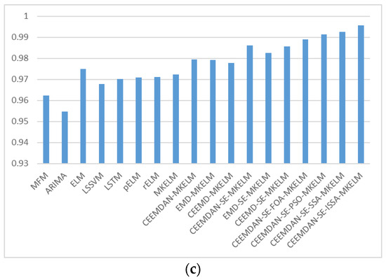 The MAPE, RMSE, and R2 values for the forecasted results in Guangdong’s carbon market. (a) MAPE (%). (b) RMSE. (c) R2.
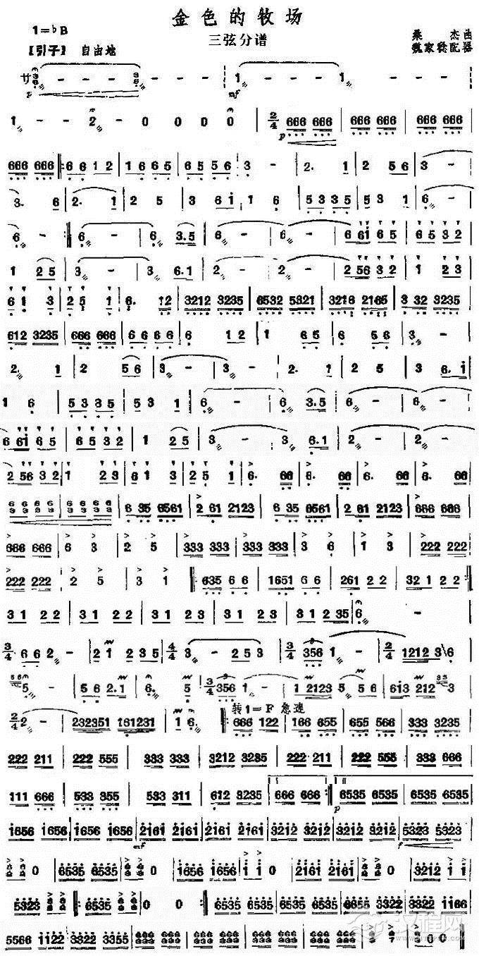 金色的牧场三弦分谱
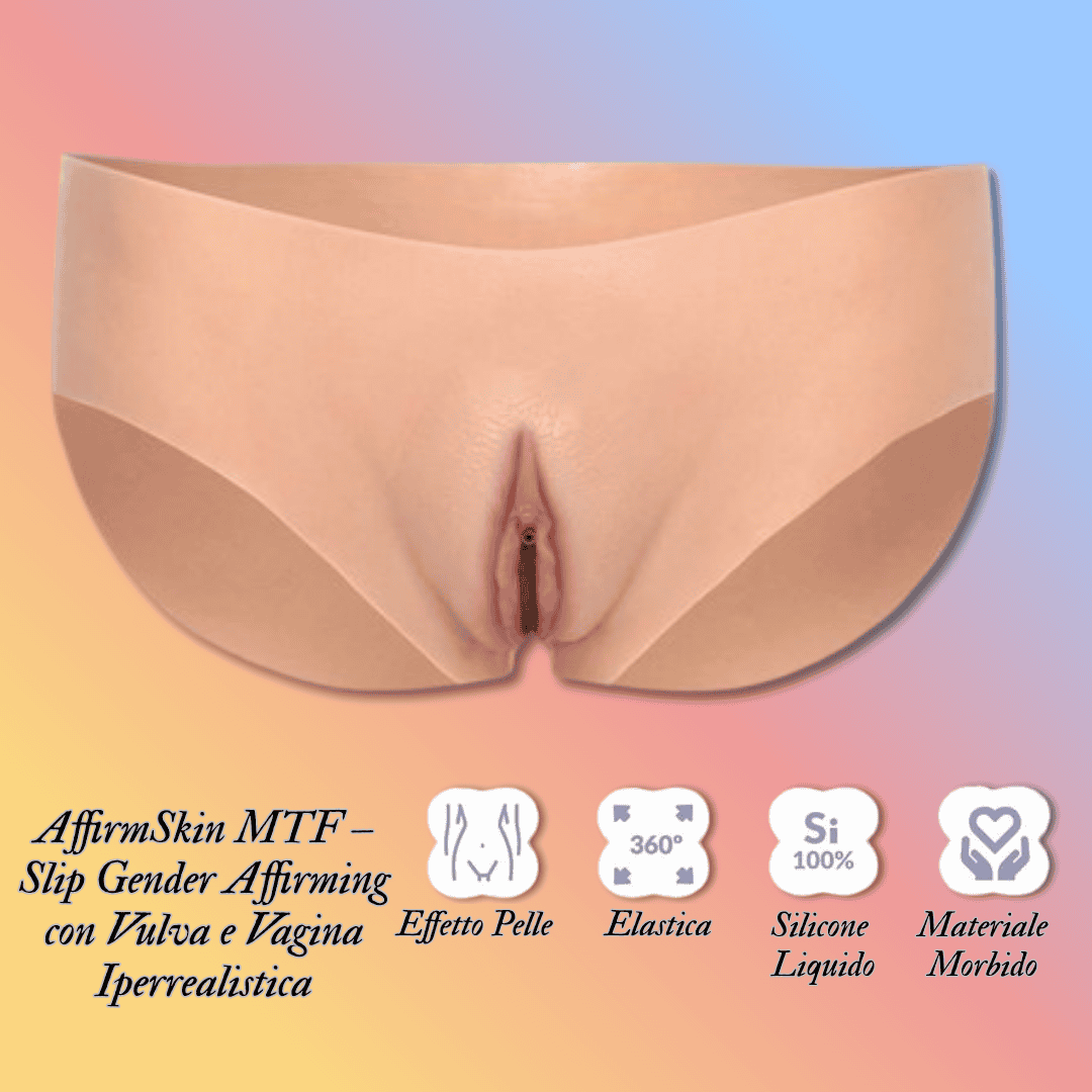 AffirmSkin MTF è uno slip gender affirming progettato per le persone in transizione Male to Female. Integra una vulva e una vagina iperrealistica in silicone medicale, offrendo un supporto concreto e rispettoso per vivere il corpo in modo più allineato alla propria identità di genere.

--- EXERCISE OBJECTIVE ---
Would you copy out the material above exactly, without the pictures in it?

--- EXPECTED ANSWER ---
 The MAPE, RMSE, and R2 values for the forecasted results in Guangdong’s carbon market. (a) MAPE (%). (b) RMSE. (c) R2.
 金色的牧场三弦分谱
 AffirmSkin MTF è uno slip gender affirming progettato per le persone in transizione Male to Female. Integra una vulva e una vagina iperrealistica in silicone medicale, offrendo un supporto concreto e rispettoso per vivere il corpo in modo più allineato alla propria identità di genere.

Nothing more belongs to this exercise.